══ Recorded information ══
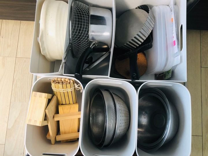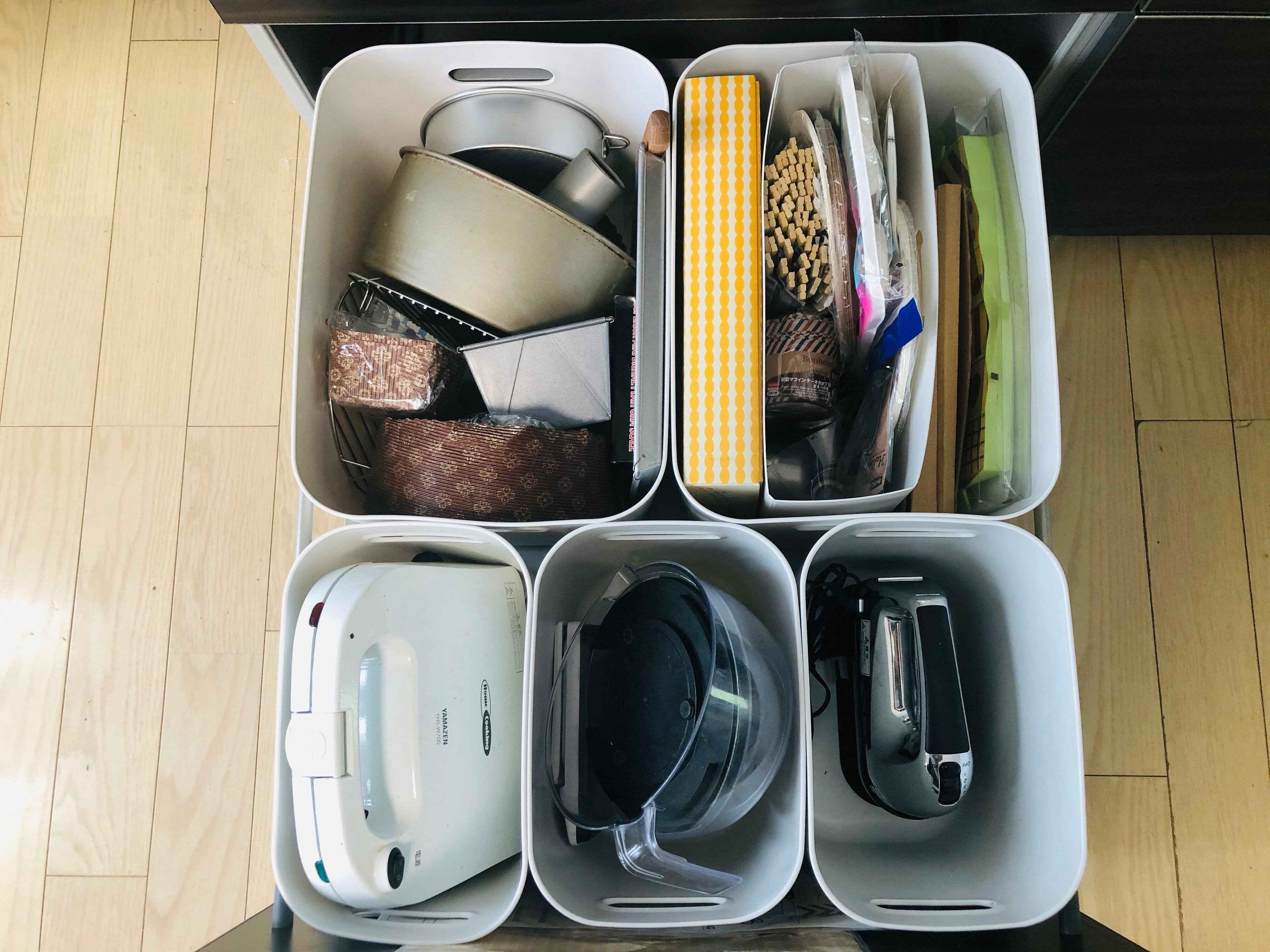 お菓子づくりの道具や紙皿や割りばしなどのパーティーグッズなどの管理にも便利。また、よく使うホットサンドメーカーやハンドミキサーなどを付属パーツとまとめて収納できるのもうれしいところ。
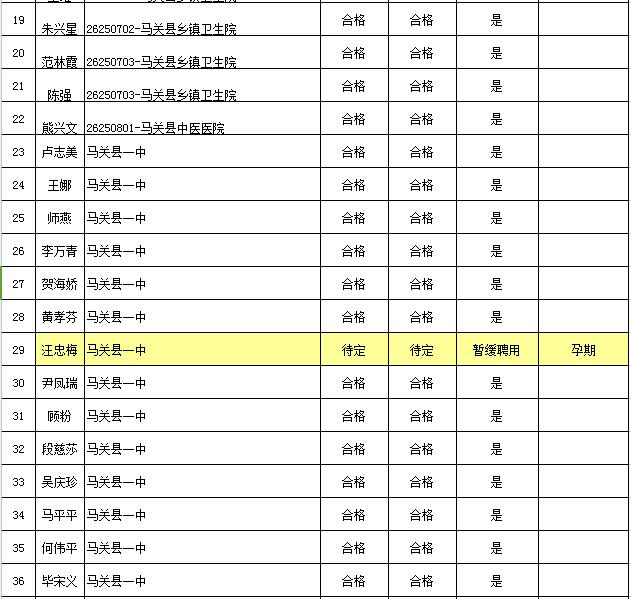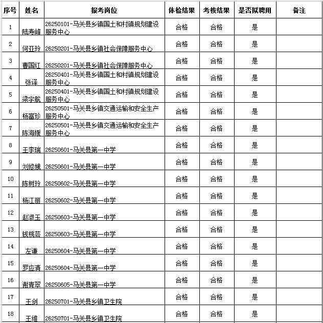 根據(jù)《2017年文山州事業(yè)單位公開招聘工作人員公告》《馬關(guān)縣2017年度事業(yè)單位公開招聘緊缺人才公告》的規(guī)定,現(xiàn)將2017年馬關(guān)縣事業(yè)單位公開招聘、緊缺人才招聘體檢、考核結(jié)果及擬聘用人員名單公告如下,公示期5天。公示期內(nèi),若對(duì)擬聘用人員有異議的,請(qǐng)攜帶本人身份證和投訴舉報(bào)書面材料向馬關(guān)縣紀(jì)委監(jiān)察局(電話:0876-7122342)進(jìn)行現(xiàn)場(chǎng)實(shí)名制舉報(bào)(不受理電話舉報(bào)和網(wǎng)絡(luò)舉報(bào)),逾期不予受理。對(duì)被舉報(bào)人員進(jìn)行復(fù)核不符合條件和資格的,取消聘用資格。
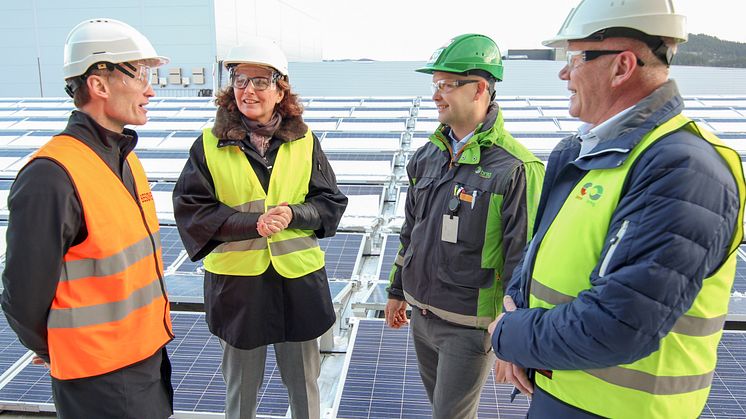 Toppmøte på taket. F.v.: Administrerende direktør Nils Kristian Nakstad i Enova, konsernsjef Tone Wille, prosjektleder Ingar Norvik og distriktssjef Leif Ivar Skjærvik i Posten Norge. FOTO: Tore Oksnes / Posten
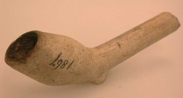 Aardewerk rookpijpje van lichtgekleurde pijpaarde
═══
### [What is required]
Only the lines from the one containing "Toppmøte på taket." through the final line of the material should appear in the answer, copied exactly and without any picture.

### [Result of the exercise]
 Toppmøte på taket. F.v.: Administrerende direktør Nils Kristian Nakstad i Enova, konsernsjef Tone Wille, prosjektleder Ingar Norvik og distriktssjef Leif Ivar Skjærvik i Posten Norge. FOTO: Tore Oksnes / Posten
 Aardewerk rookpijpje van lichtgekleurde pijpaarde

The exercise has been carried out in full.